§ **Exercise brief**
Please transcribe only the lines from the one holding "آگهی ثبت نام" through the final line of the data, both included, with no pictures.

§ **Information provided**

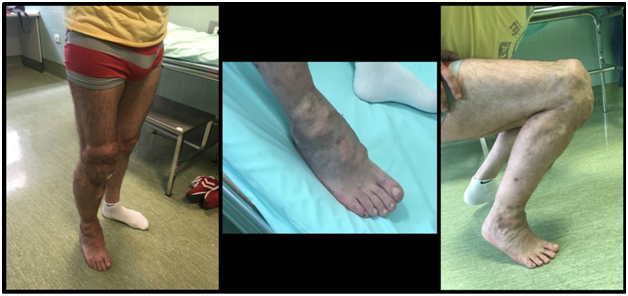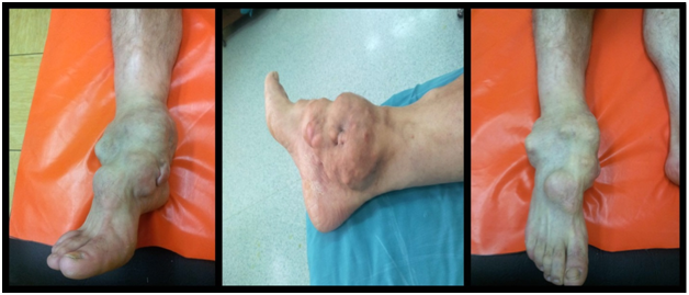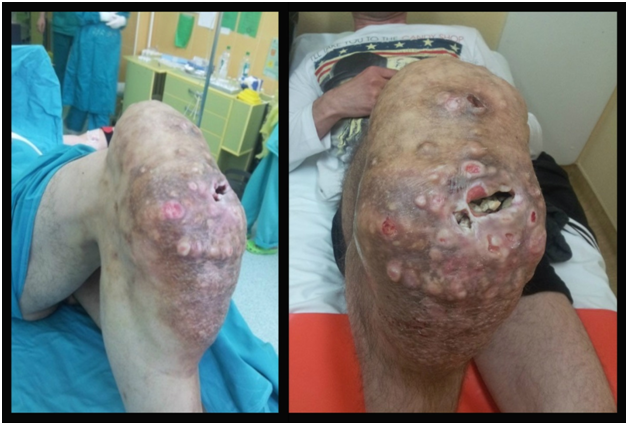 A 36 years old male came to Department for Orthopedic surgery for examination, because of big tumor of right knee (Figure 1) and ipsilateral ankle joint (Figure 2). These changes had been present for a few years. The first operation was done ten years earlier, when isolated anterior abdominal wall tumor was removed, along with urachus and right m. rectus abdominis, with abdomen wall plastic. Results of pathohistological analysis showed that it was Fibromatosis - Desmoid type - extra abdominal subtype. Five years after primary treatment of tumor mass of the anterior abdominal wall, patient observed new similar changes in the right knee and the ankle joint, which had been progressively increasing over the time. Clinical examination showed a large, foul smelling, tumor mass with ulcerations in anterior region of the knee (Figure 3) and tumor changes in the area of the ankle joint.
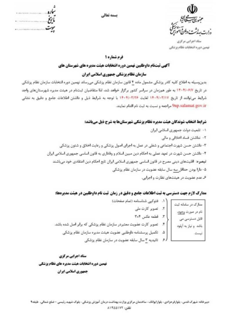 آگهی ثبت نام داوطلبین نهمین دوره انتخابات سازمان نظام پزشکی جمهوری اسلامی ایران
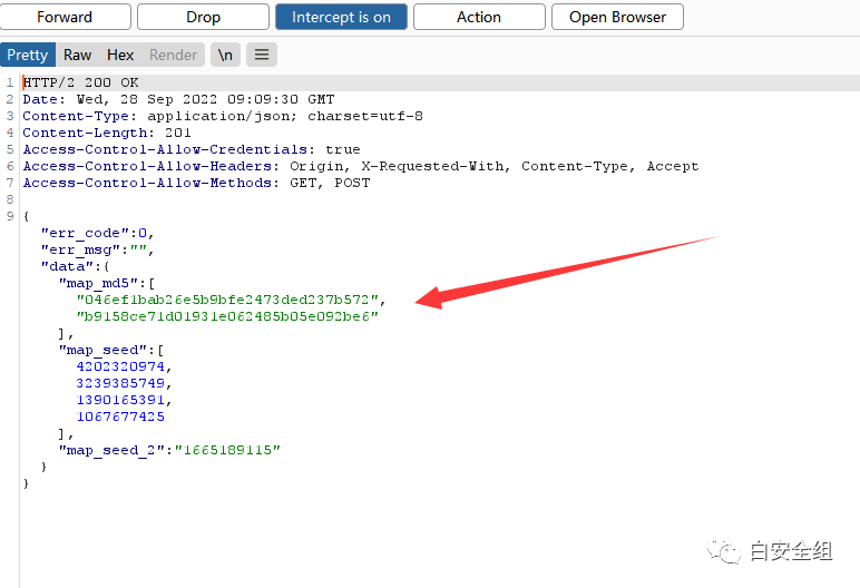 这里图片不是很清楚,选择这个是将这个数据包的一个返回数据包在下一个包中返回给我们,有点绕口,简单说就是我们可以修改它的一个返回的数据包,点击图中这里之后我们forward。

§ **Exercise solution**
 آگهی ثبت نام داوطلبین نهمین دوره انتخابات سازمان نظام پزشکی جمهوری اسلامی ایران
 这里图片不是很清楚,选择这个是将这个数据包的一个返回数据包在下一个包中返回给我们,有点绕口,简单说就是我们可以修改它的一个返回的数据包,点击图中这里之后我们forward。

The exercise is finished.